Also, if the cable has been idle for a long time, the various clocks will have lost synchronization. If a source address is corrupted, any interface that sees this address will mis-set its clock accordingly. Additionally, a packet might occasionally collide with a random noise burst rather than another packet. Finally, the sender cannot tell a receiver-busy abort signal from real collisions. There are no randomizing mechanisms in the hardware protocols, since the higher-level software realizes that a packet was lost and retransmits it. The basic assumption in the architecture design of the net is that there is enough randomness in the software that the two colliding nodes will not collide again on the retransmission in a periodic lock.

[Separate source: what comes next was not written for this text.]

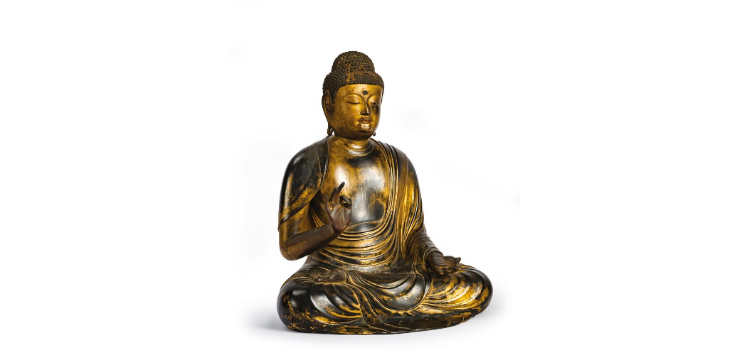 A harmadik terem a buddhista művészetre fókuszál, amelynek gyűjtésére a bemutatott korszak különleges lehetőséget biztosított, ugyanis a sintó államvallássá emelkedésével megjelent a piacon a japán művészet hihetetlenül gazdag és értékes buddhista anyaga. A buddhista festészet és szobrászat alkotásai a japán buddhista hitvilág főbb istenségeit reprezentálják, emellett a szobrászati anyag restaurálásának műhelytitkaiba is betekinthet a látogató.

4.4 OVERVIEW OF SOFTWARE PROTOCOLS

These protocols arrange for high-speed interchanges between hosts, regardless of location (hosts may reside on different cable links), and without undetected transmission errors. The original design goals called for the speed of file transfers to be comparable to that of inexpensive tape drives, 3 K characters per second, which is about 10 times the speed of file transfers on the Arpanet. The actual transfer speed approaches twice this specification in favorable circumstances.

This success was brought on by designing out the bottlenecks that can be found in the Arpanet, such as the control link needed for the acknowledgement of every message before the next one may be sent. The goal of design simplicity has also played a role: a full Chaosnet NCP is about the half the size of its Arpanet equivalent on the same machine. The Chaosnet's low-performance implementations may omit some features still. There's even a minimal implementation for a single-chip microcomputer.

From the point of any two users, the chief result of running Chaosnet is a connection. A connection is a reliable packet-transmission channel operating in a full-duplex mode. The network promises to never lose, duplicate, garble, or resequence the packets. Any unrecoverable errors promptly result in breaking a connection and informing the two users. It is up to the user software to either deal with the communication in terms of packets or ignore their boundaries and treat the connection as two half-duplex streams of 8-bit or 16-bit bytes.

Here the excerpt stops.